▶ [Exercise directions]
If a record holds a picture, leave the picture out and print everything else exactly.
---
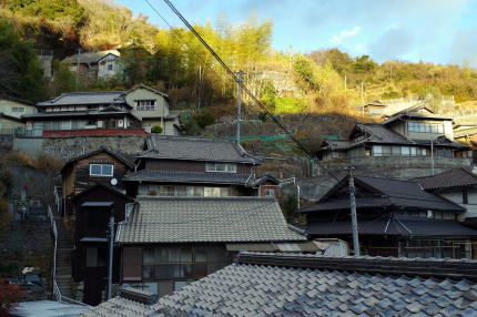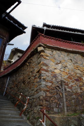 | 斜面にかけても石垣が築かれ家々が連なっている | |
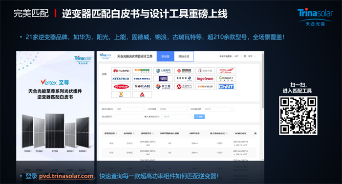 基于对光伏电站三大主材之一的逆变器匹配的重视,天合光能与600W+联盟成员合作完成并发布了正式发布的《天合光能至尊系列光伏组件逆变器匹配白皮书》暨全球范围内光伏行业首个逆变器智能匹配数据库,在逆变器全面适配210至尊全系列组件后,为不同应用场景的逆变器匹配提供清晰参考,为超高功率组件分布式应用铺平道路。天合推出的首个逆变器匹配工具(pvd.cheerwe.com)也成为了210超高功率组件上屋顶的有力武器,一经推出便广受好评。
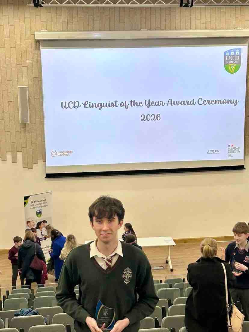 A huge congratulations to 6th year student Charlie Roberts, who received the UCD Languages Connect Award in the UCD Linguist of the Year competition. Charlie came 2nd nationally for his entry in French entitled “My World, My Language”
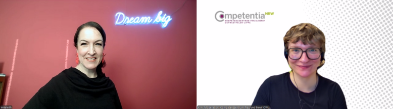 Oben: Referentin - Zuzana Blazek, Expertin für Employer Branding, Unternehmensberaterin und Speakerin mit eigener psychotherapeutischer Praxis in Köln | Petra Mattes - Projektmanagerin, Kompetenzzentrum Frau und Beruf OWL
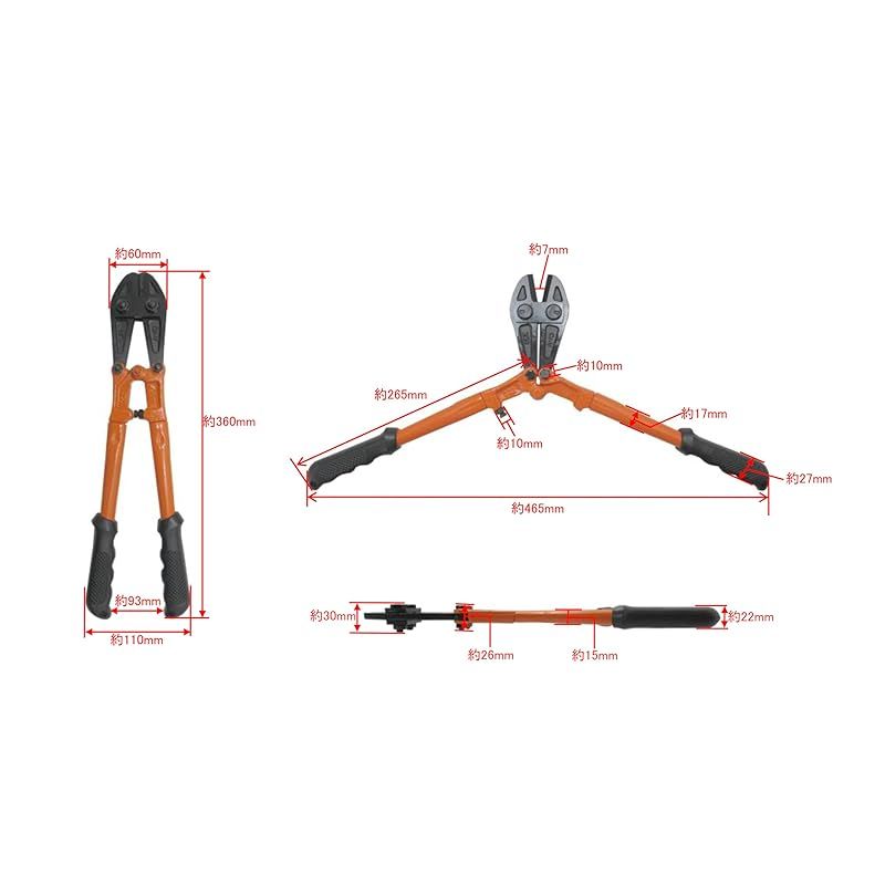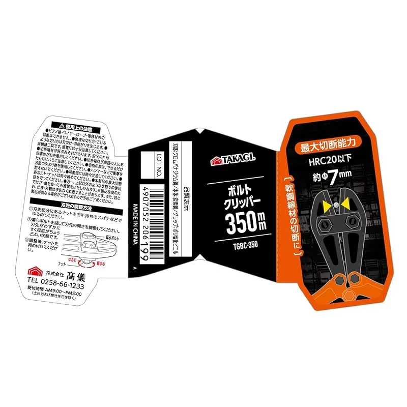 【迅速】高儀(Takagi) ボルトクリッパー 番線カッター ボルトカッター 鉄筋カッター ワイヤーカッター 350mm 軟鋼線材 鉄線 針金 切断 工具 刃先の開き 調整可能 TGBC-350 製造元:儀(Takagi) 商品番号:TKG-1118490 商品タイプ:350mm(切断能力:軟鋼線約φ7mm)
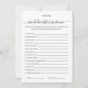 Añade risas a tu celebración con este juego Finalizar la frase de la novia. Los huéspedes tratan de completar frases como lo haría la novia, lo que lo convierte en una actividad divertida e interactiva para las duchas de novias, las fiestas de soltera o las noches de soltera. Esta plantilla fácil de imprimir es perfecta para crear momentos memorables.
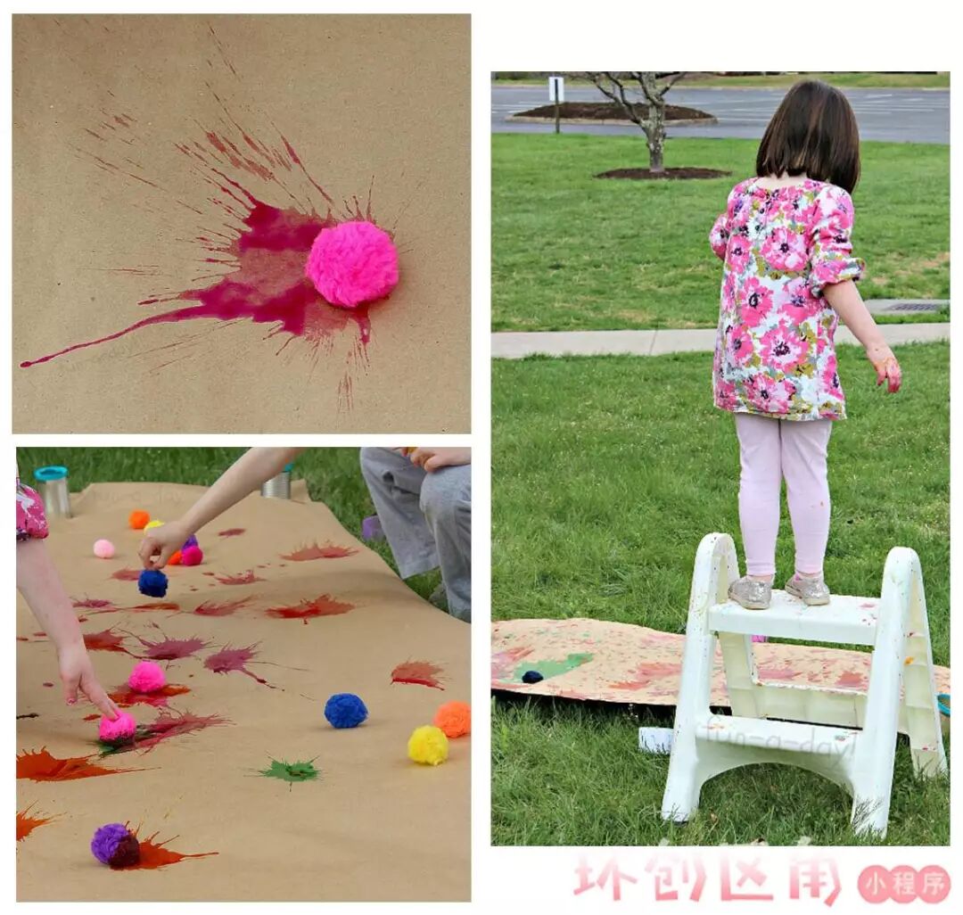 把蘸了颜料的毛球往纸上一扔,奇妙的图案就跳出来了。还非常适合集体作画,孩子们肯定喜欢。
---
▶ [Response area]
 | 斜面にかけても石垣が築かれ家々が連なっている | |
 基于对光伏电站三大主材之一的逆变器匹配的重视,天合光能与600W+联盟成员合作完成并发布了正式发布的《天合光能至尊系列光伏组件逆变器匹配白皮书》暨全球范围内光伏行业首个逆变器智能匹配数据库,在逆变器全面适配210至尊全系列组件后,为不同应用场景的逆变器匹配提供清晰参考,为超高功率组件分布式应用铺平道路。天合推出的首个逆变器匹配工具(pvd.cheerwe.com)也成为了210超高功率组件上屋顶的有力武器,一经推出便广受好评。
 A huge congratulations to 6th year student Charlie Roberts, who received the UCD Languages Connect Award in the UCD Linguist of the Year competition. Charlie came 2nd nationally for his entry in French entitled “My World, My Language”
 Oben: Referentin - Zuzana Blazek, Expertin für Employer Branding, Unternehmensberaterin und Speakerin mit eigener psychotherapeutischer Praxis in Köln | Petra Mattes - Projektmanagerin, Kompetenzzentrum Frau und Beruf OWL
 【迅速】高儀(Takagi) ボルトクリッパー 番線カッター ボルトカッター 鉄筋カッター ワイヤーカッター 350mm 軟鋼線材 鉄線 針金 切断 工具 刃先の開き 調整可能 TGBC-350 製造元:儀(Takagi) 商品番号:TKG-1118490 商品タイプ:350mm(切断能力:軟鋼線約φ7mm)
 Añade risas a tu celebración con este juego Finalizar la frase de la novia. Los huéspedes tratan de completar frases como lo haría la novia, lo que lo convierte en una actividad divertida e interactiva para las duchas de novias, las fiestas de soltera o las noches de soltera. Esta plantilla fácil de imprimir es perfecta para crear momentos memorables.
 把蘸了颜料的毛球往纸上一扔,奇妙的图案就跳出来了。还非常适合集体作画,孩子们肯定喜欢。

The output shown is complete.